Psychologists have coined a term for this all-too-common phenomenon: willpower depletion. It’s the idea that the more we put our willpower under strain, whether it’s through working hard or trying to stick to an exercise plan, the more it gets drained. And the more it gets drained, the less self-control we have to resist other temptations, such as junk food, binge-watching TV or spending money on things we don’t need. Willpower depletion has been the conventional wisdom for decades. But the more researchers are learning about it, the more they’re finding that rather than being a finite commodity that gets depleted as we use it, the extent of our willpower is actually something that we can control.

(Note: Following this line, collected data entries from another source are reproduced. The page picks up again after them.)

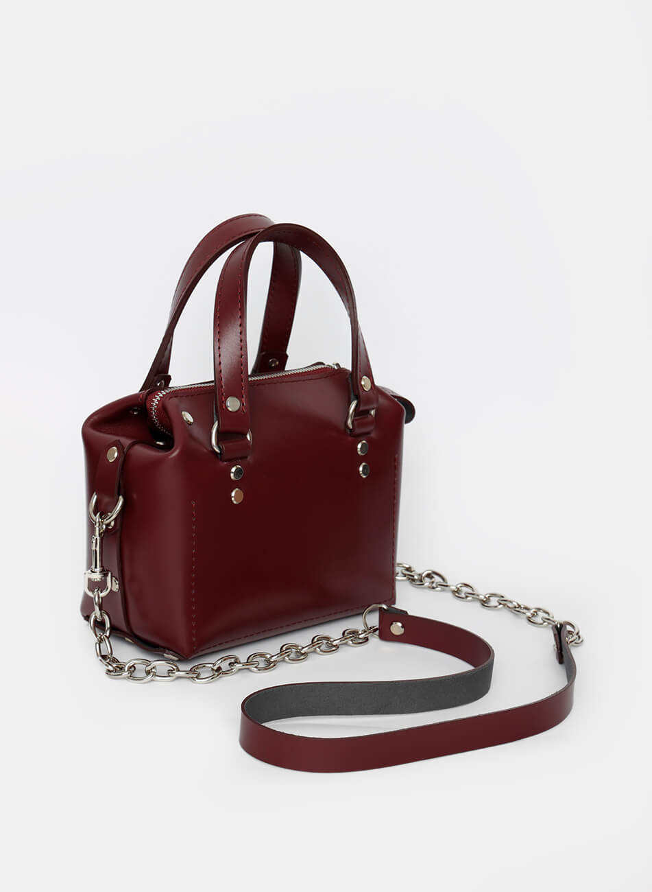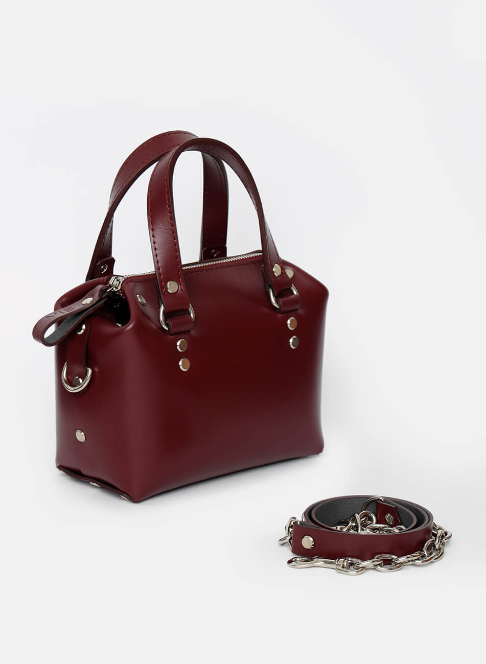 Маленька сумочка, яку не захочеться випускати з рук. Завдяки особливим формам вона здивує вас своєю місткістю. Корпус виконаний зі шкіри українського виробництва. Основне відділення закривається на блискавку. Усередині сумочки одне відділення і кишеня з повсті. У комплекті є довга ручка.
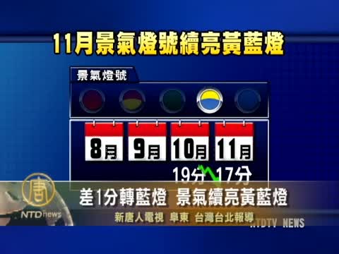 【新唐人2011年12月27日訊】由於歐債危機干擾全球市場信心,景氣持續走弱,來看到,行政院經濟建設委員會今天公布上月景氣對策信號,燈號續亮黃藍燈,只差1分就轉為藍燈,顯示目前國內景氣走緩的趨勢,相當明顯。
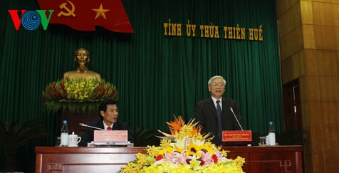 | Vizepremierminister Vuong Dinh Hue bei der Tagung mit den Leitern der Provinz Thua Thien Hue. (Foto: daidoanket.vn) |

What happens to our willpower or self-control really matters. “Self-control is a huge predictor of success or failure in life,” says Prof Roy Baumeister at the University of Queensland in Australia. “People with better self-control are more popular, they do better at school and work, they are less likely to be arrested or get divorced and they live longer.”
* A test of wills
This story is from the May/June 2020 edition of Very Interesting.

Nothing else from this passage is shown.